[RECORDS SUPPLIED — start]

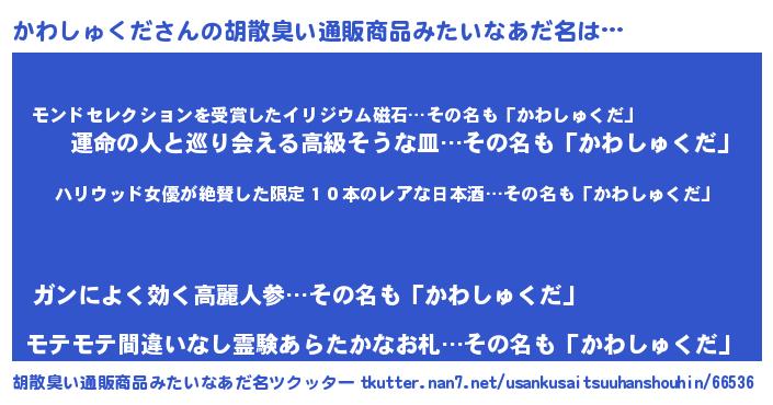 | 意味不明あだ名 | 『住所不定無職かわしゅくだ(39歳)』 |
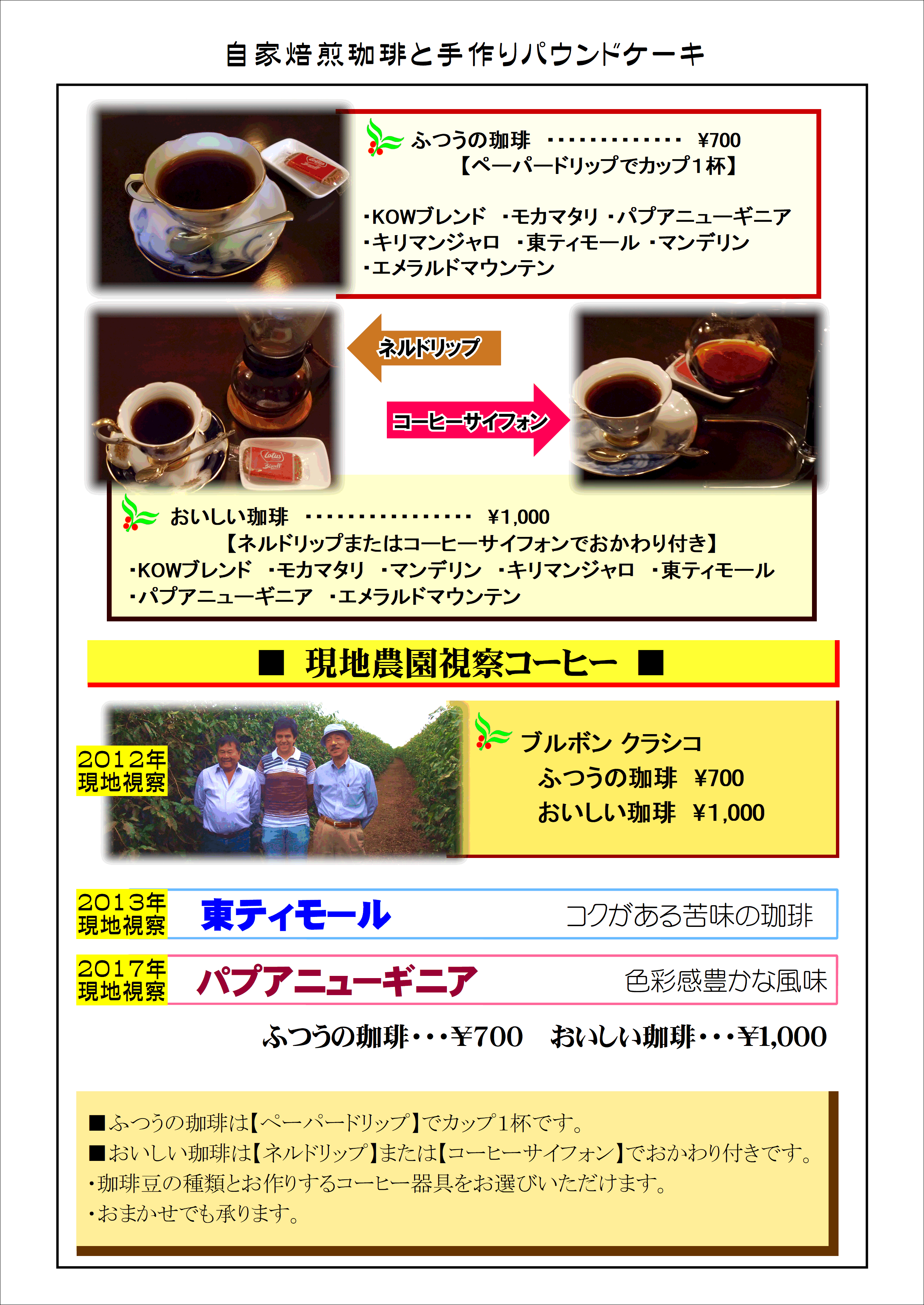 KOWはコーヒー豆セール期間中も喫茶営業をお休みいたします。各ページのカレンダーでご確認ください。
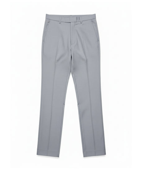 بنطلون رمادي رسمي بقصة مستقيمة - قصة عادية مع حلقات حزام وجيوب جانبية
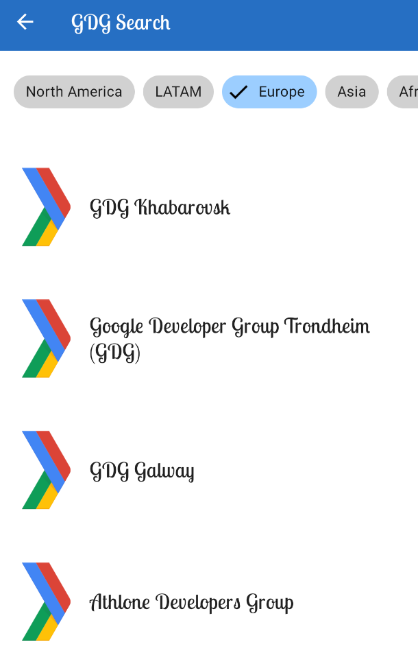 صفحه سوم یک یاب GDG است. GDGها یا Google Developer Groups، جوامعی از توسعهدهندگان هستند که بر فناوریهای Google از جمله Android تمرکز میکنند. GDG ها در سراسر جهان میزبان جلسات، کنفرانس ها، برنامه های آموزشی و رویدادهای دیگر هستند.
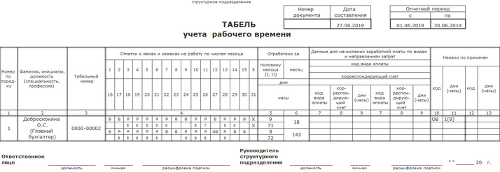 В табеле можно увидеть отражение вида времени.

[RECORDS SUPPLIED — finish]

> _TO DO_: Word for word, give the data above again, without any images.

> _RESULT FOR THIS TASK_:
 | 意味不明あだ名 | 『住所不定無職かわしゅくだ(39歳)』 |
 KOWはコーヒー豆セール期間中も喫茶営業をお休みいたします。各ページのカレンダーでご確認ください。
 بنطلون رمادي رسمي بقصة مستقيمة - قصة عادية مع حلقات حزام وجيوب جانبية
 صفحه سوم یک یاب GDG است. GDGها یا Google Developer Groups، جوامعی از توسعهدهندگان هستند که بر فناوریهای Google از جمله Android تمرکز میکنند. GDG ها در سراسر جهان میزبان جلسات، کنفرانس ها، برنامه های آموزشی و رویدادهای دیگر هستند.
 В табеле можно увидеть отражение вида времени.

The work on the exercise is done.